A large food manufacturer in rural Kentucky couldn't fill over 200 positions because workers lived too far away. SHARE connected two labor markets to the facility and filled 92 roles in four months.
The manufacturer faced a structural talent shortage rooted in geography. The facility's rural location and shift schedule meant the only viable candidates were people within driving distance. That pool was too small to fill open headcount, and it had no room to grow under the existing hiring approach.
Workers who could fill the roles existed in nearby markets, some more than 60 miles away in opposite directions. Without a reliable daily connection between those workers and the facility, those markets were effectively inaccessible. Over 200 positions remained open, with costs compounding at roughly $12,000 per role per month.

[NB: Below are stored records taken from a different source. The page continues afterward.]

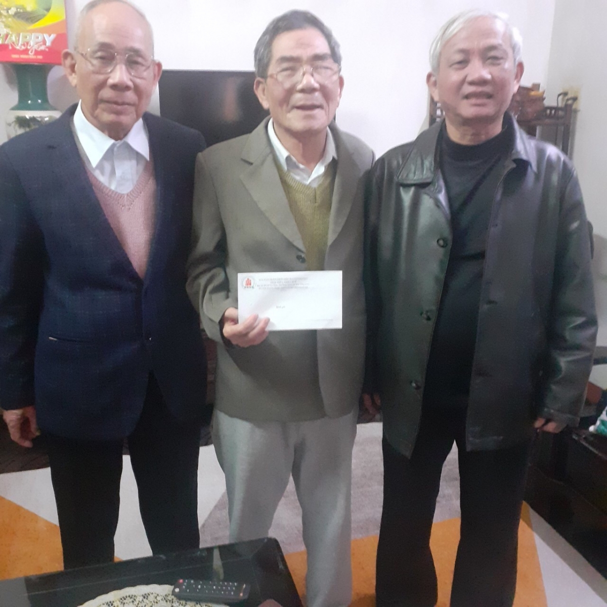 | Ông Nguyễn Ngọc Chung, Chủ tịch Tỉnh hội (bên trái) trao quà cho nạn nhân chất độc da cam Nguyễn Trọng Hoành (đứng giữa) |
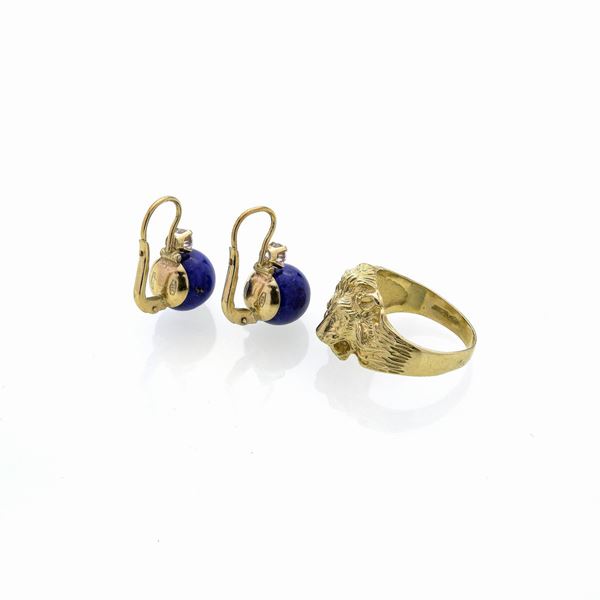 Necklace and pair of earrings in yellow gold and lapis lazuli and Lion Head ring
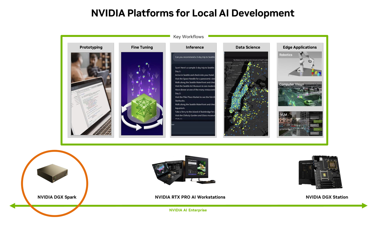NVIDIA のフルスタック AI プラットフォームにより、DGX Spark ユーザーは、デスクトップから DGX CloudやあらゆるGPUクラウドやデータセンターインフラにシームレスにAIモデルを移動でき、ワークフローのプロトタイプを作成したり、ファインチューニングを行うなどの反復がこれまで以上に容易になります。
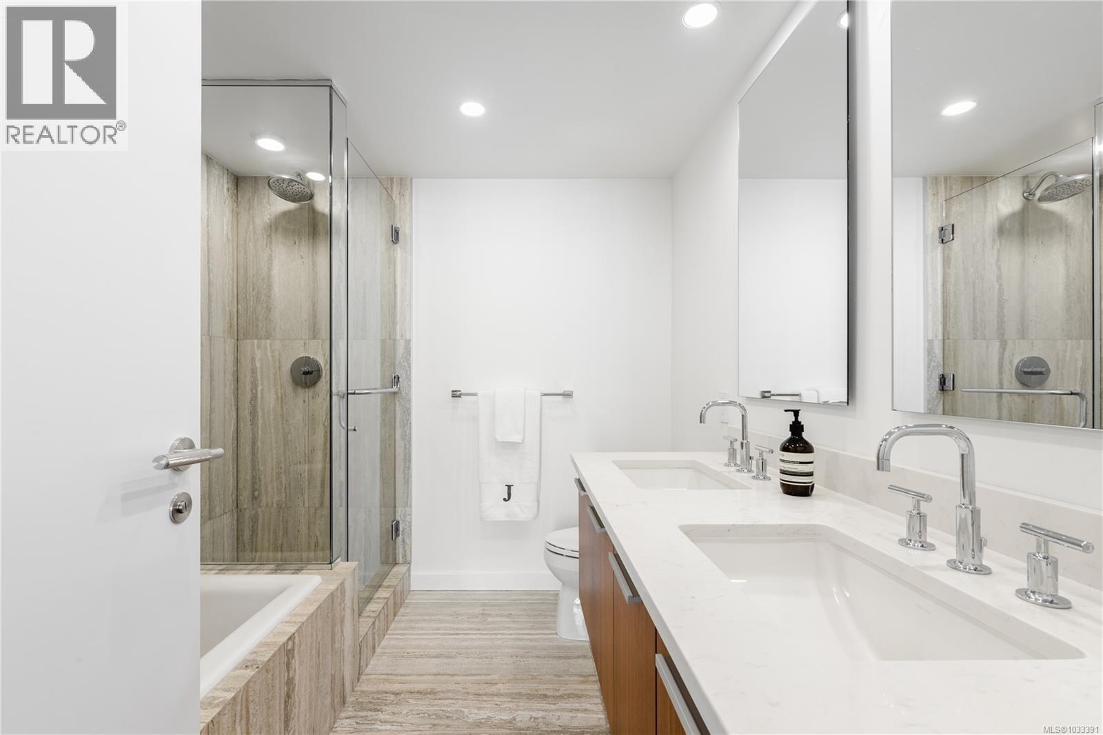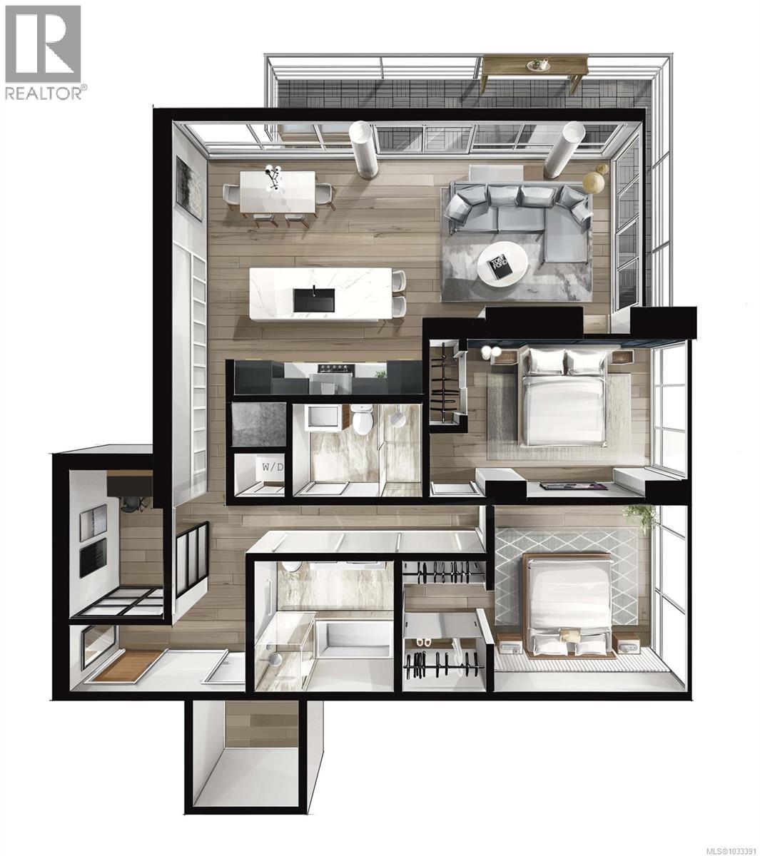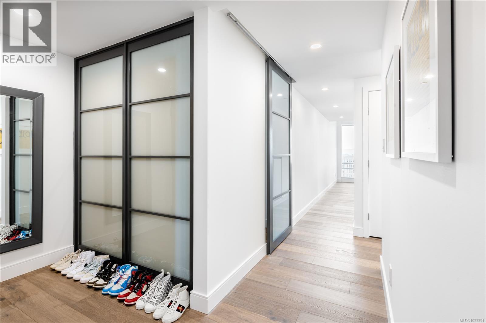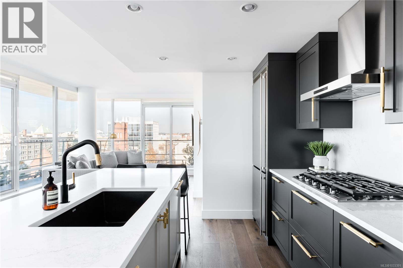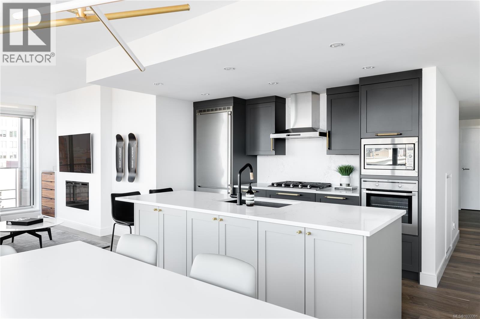 $827 MonthlyThe most refined and design-forward offering currently available at The Falls. This is 1105, a corner, harbour-sunset-facing 2-bedroom + den, 2-bath, in-suite storage room, and nearly 1,200 sqft of magazine-featured interior space. This custom residence stands apart with tailored upgrades and bespoke detailing throughout. Fully reimagined in 2021 with curated materials: real wide-plank walnut hardwood floors, custom Thomas & Birch kitchen millwork, quartz countertops, Buster+Punch hardware, and updated appliances. A modern fireplace anchors the living space, framed by in-set LED wall lighting. Functional updates include new heat pump w/ AC, new full-sized laundry, and two-layer blackout blinds in each bedroom. A true turn-key home w/ high-end furniture included and exclusivity to upscale amenities - pool, hot tub, and gym. Located steps from Victoria’s best dining and cultural landmarks, Unit 1105 is a rare blend of unique & timeless design, function, and lifestyle. AIRBNB INVESTMENT AVAILABLE. (id:44393)
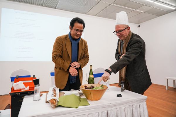 讲座的最后,两位主讲人依照莫奈独创的沙拉食谱,为大家现场演示制作了一份“莫奈沙拉”,并邀请听众一起品尝,感受莫奈每天的简单生活。
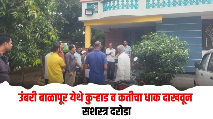रात्री दीड वाजेच्या सुमारास ही टोळी प्रवरा कालव्यालगत असलेल्या चांगदेव उंबरकर यांच्या घरी पोहोचली. घराचा मागील दरवाजा तोडून आत प्रवेश केलेल्या ३ ते ४ दरोडेखोरांनी तब्बल उंबरकर कुटुंबांच्या म्हणण्यानुसार १० ते १२ तोळे सोने आणि २८ ते ३० हजारांची रोकड चोरट्यांनी पळवली. यावेळी घरातील तरुण जागे झाले असता, दरोडेखोरांनी त्यांच्या गळ्याला कुऱ्हाड आणि कती लावून जीवे मारण्याची धमकी दिली. यावेळी घरातील वृध्द महिलेच्या कानातील दागिने ओरबाडल्याने त्यांचे कान फाटले आहेत. तर, प्रतिक उंबरकर या तरुणाने प्रतिकार करण्याचा प्रयत्न केला असता त्यांच्यावर दगडफेक करून चोरटे सामान घेऊन पसार झाले. यावेळी ७ ते ८ चोरटे असल्याचा अंदाज नागरीकांनी व्यक्त केला आहे.
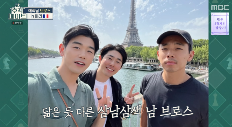 '호적메이트'에 에릭남이 두 동생과 함께 출연했어요. 현재 에릭남은 월드투어 중이라고 하는데요. 두 동생과 파리에서 만났어요.
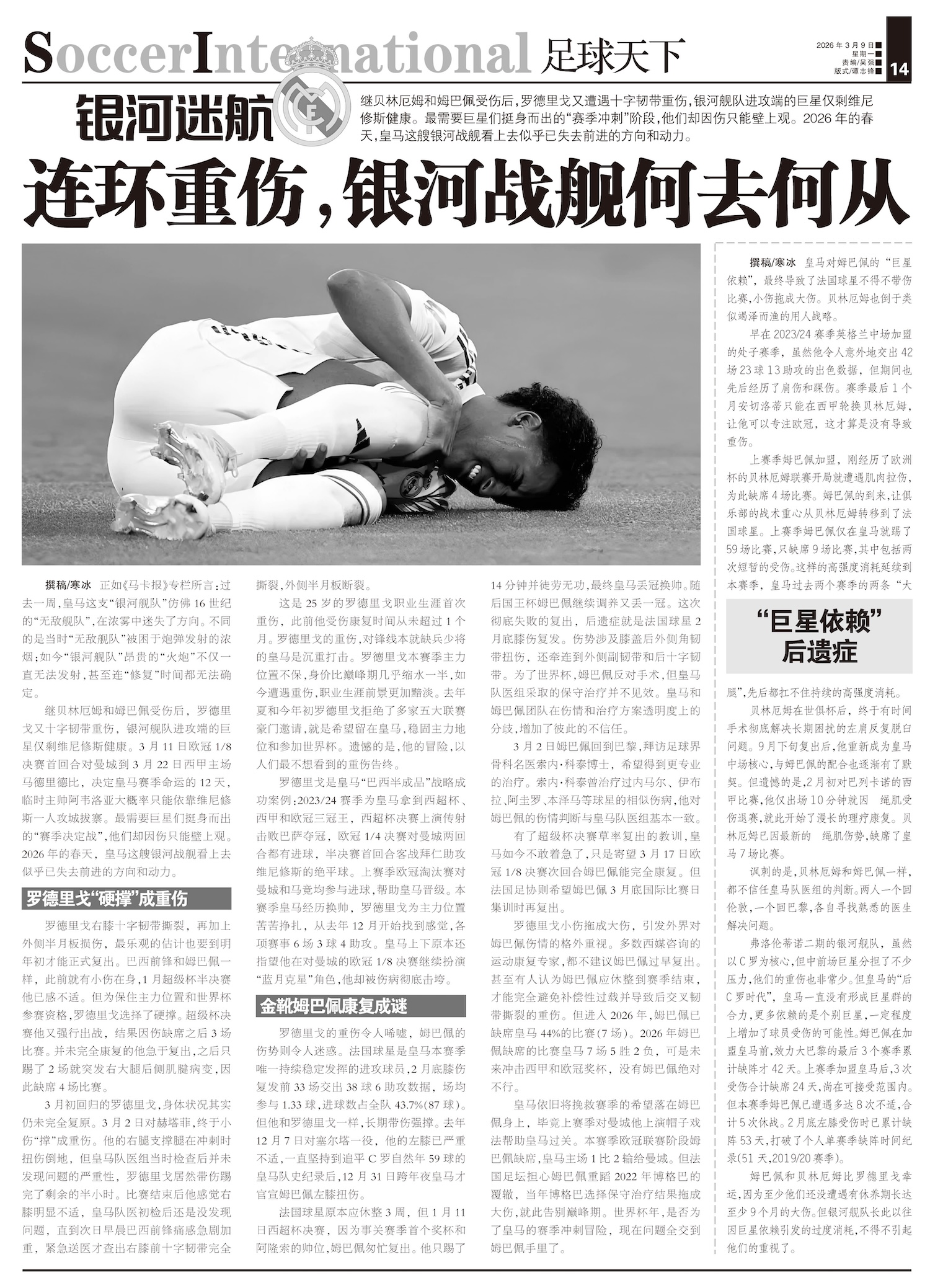 银河迷航继贝林厄姆和姆巴佩受伤后,罗德里戈又遭遇十字韧带重伤,银河舰队进攻端的巨星仅剩维尼修斯健康。...
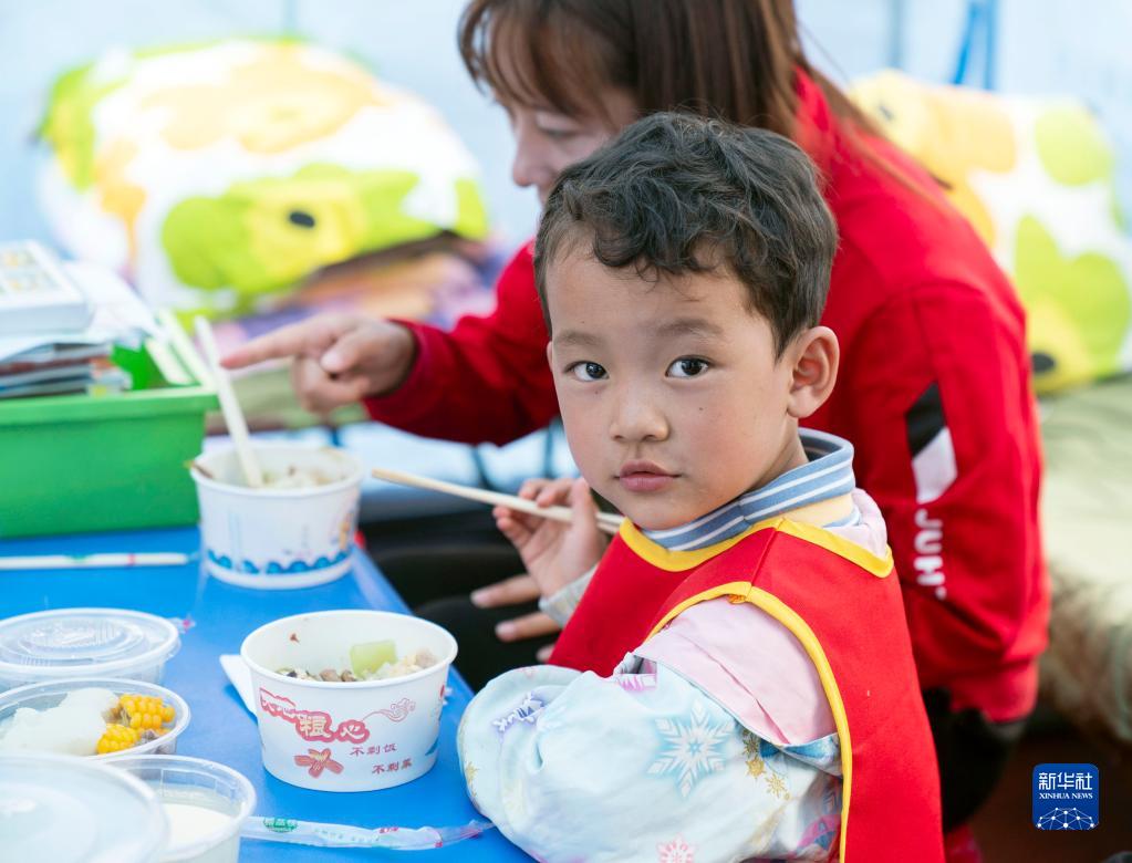 9月9日,在四川省石棉縣新民鄉海耳村臨時(shí)安置點(diǎn),小朋友在吃午飯。
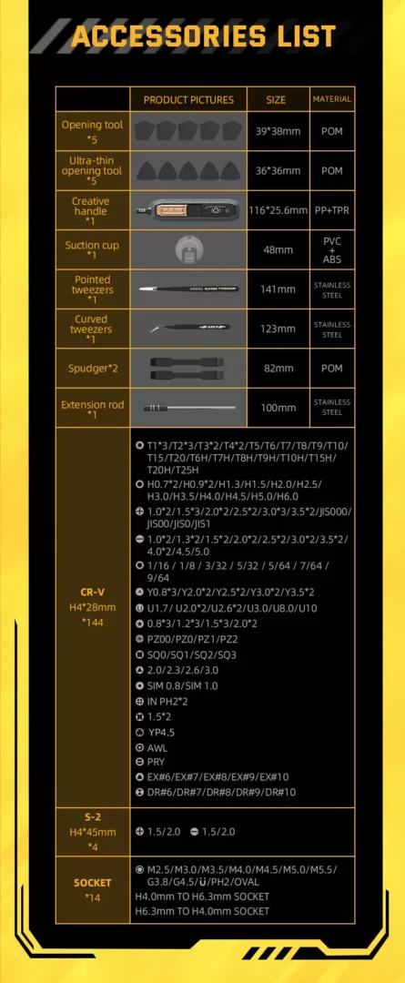 کاربرد: این ست برای تعمیرات لوازم الکترونیکی مانند تلفنهای همراه، لپتاپها، ساعتها، دوربینها، اسباببازیها، و همچنین تعمیرات لوازم خانگی مانند قهوهسازها، مایکروویوها، و کنسولهای بازی مناسب است.
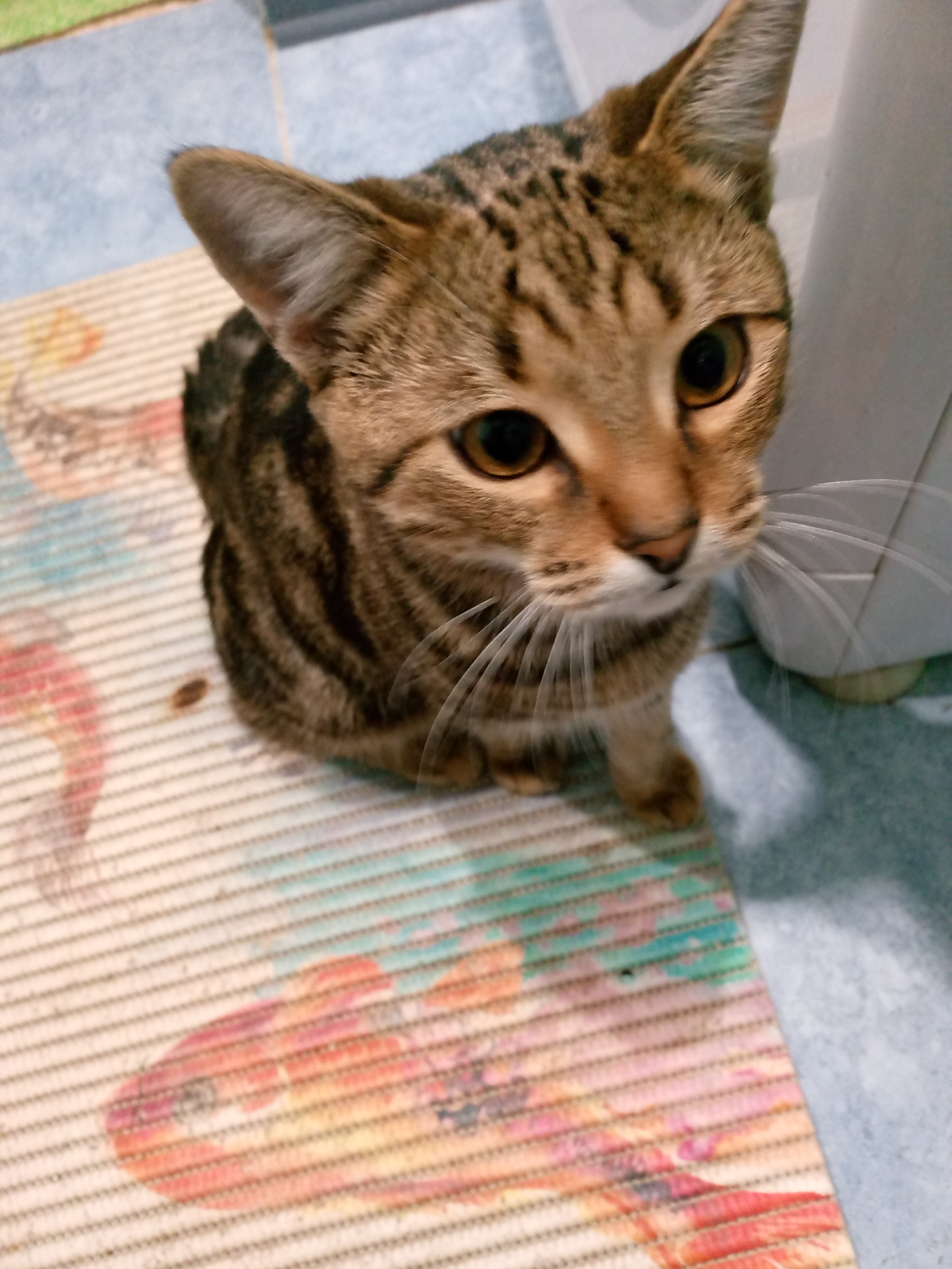 Я увидела объявление в авито. Что ищут заботливых хозяев для котят 😺 с дальнейшим отслеживанием судьбы питомца. И когда мы подошли к вальеру где были котята, только открылась дверка и это 🐾 чудо выкатился оттуда сам…. Один из всех он был пятнистый и напомнил арбуз маленький помещался на ладошку. Месяца полтора.
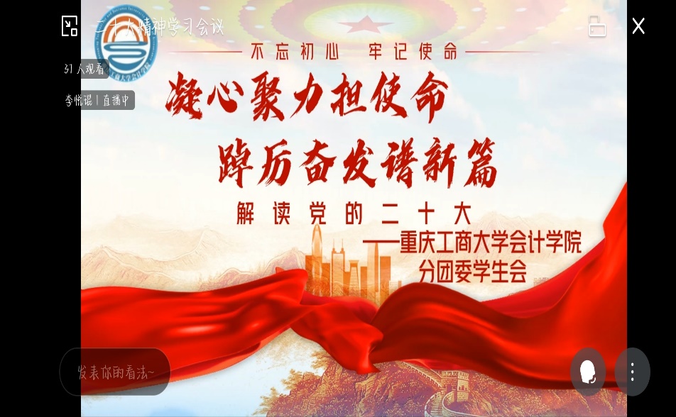 为深入学习贯彻落实党的二十大精神, 11月11日,在做好疫情防控要求的前提下,必赢国际437分团委学生会组织学院青年学生开展了二十大线上专题学习会。
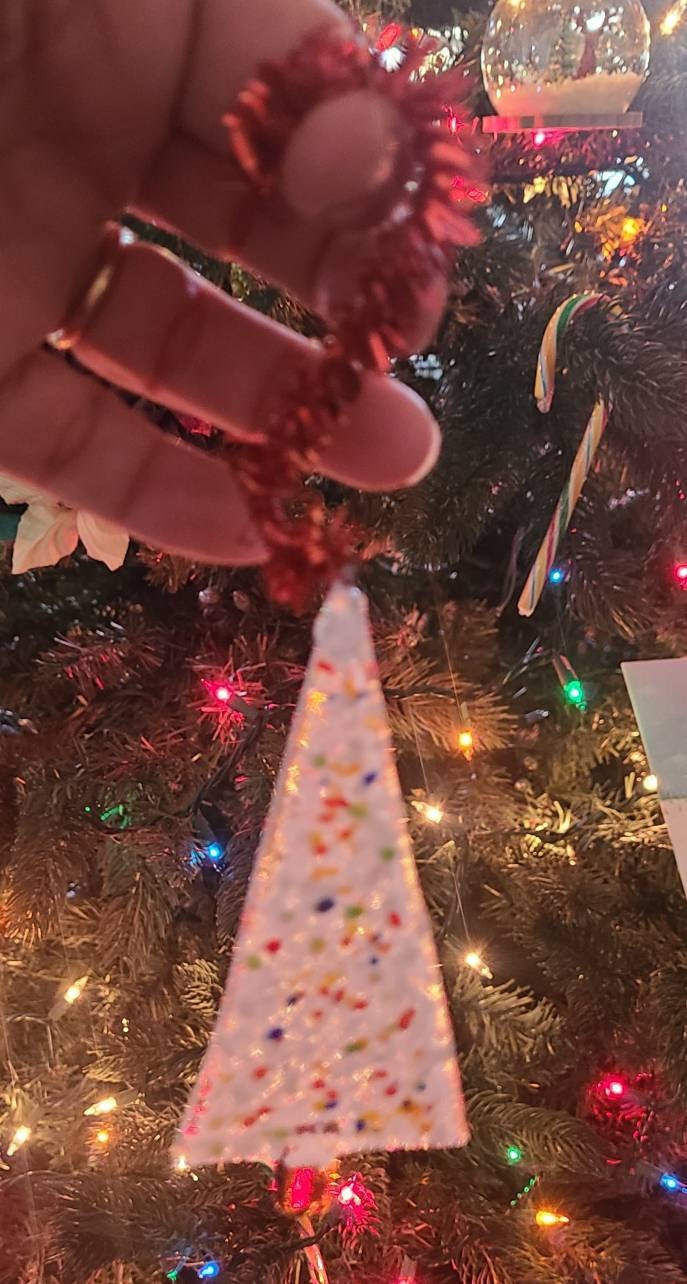 I cut the Christmas tree from clear glass then add white and colorful frit. The ornament is then fired at a high temperature making the glass permanent.
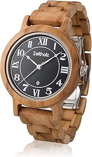 Unisex Holzuhr - Modell Altenberg, Handgefertigt aus 100% natürlichem Zebrano mit Quarzwerk - Leichte analoge Holzuhr für Herren und Damen - Verstellbares Band passt für jedes Handgelenk
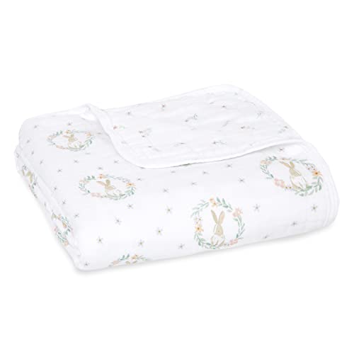 aden + anais essentials Dream Baby filt - 1-pack | stor andningsbar 100% bomull muslin sängkläder | barnsängsfiltar för nyfödda pojkar och flickor | babyshower eller gåvor | rodnande kanintryck
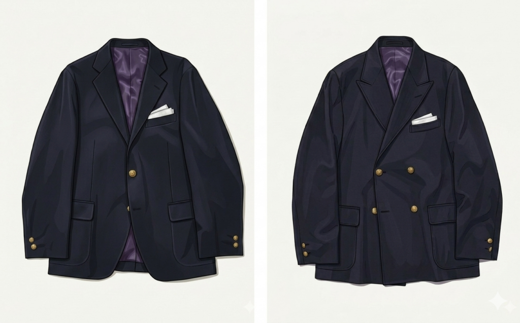 シングルブレストとダブルブレストの紺ブレ
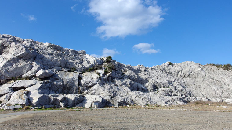 石灰岩の白い岩がつらなる景色は壮大で自然美を感じる。

Recruiting within driving distance alone could not fill open roles at the pace or volume the company required.
SHARE's Commuter Analysis identified priority hiring zones by mapping population density and socio-economic data. The platform then designed multi-directional commute routes connecting two labor markets to the facility and scaled ridership as more workers enrolled.
SHARE mapped population density and socio-economic data to identify hiring zones, pointing the company toward talent markets that had been completely out of reach without transportation.
Routes connected workers from two separate labor markets, each more than 60 miles in opposite directions, to a single rural production facility. Vehicle capacity aligned to actual shift schedules.
Ride booking available in multiple languages, with confirmed pickups up to six months in advance in under 30 seconds. A consistent daily commute that makes a rural job accessible to workers in distant markets.
The operations team maintained real-time visibility into active trips across all corridors. Routes refined continuously as ridership data flowed through the platform, without manual coordination.
The program filled 92 positions within four months of launch, representing 46 percent of open headcount. These were roles that had been vacant for an extended period before transportation was introduced.
Filling those positions generated over $1 million in monthly productivity recovery, based on the estimated cost of each open role to the company's operations.
Annualized, the program generated $12.9 million in recovered productivity from a workforce transportation investment that connected two labor markets to a single rural facility.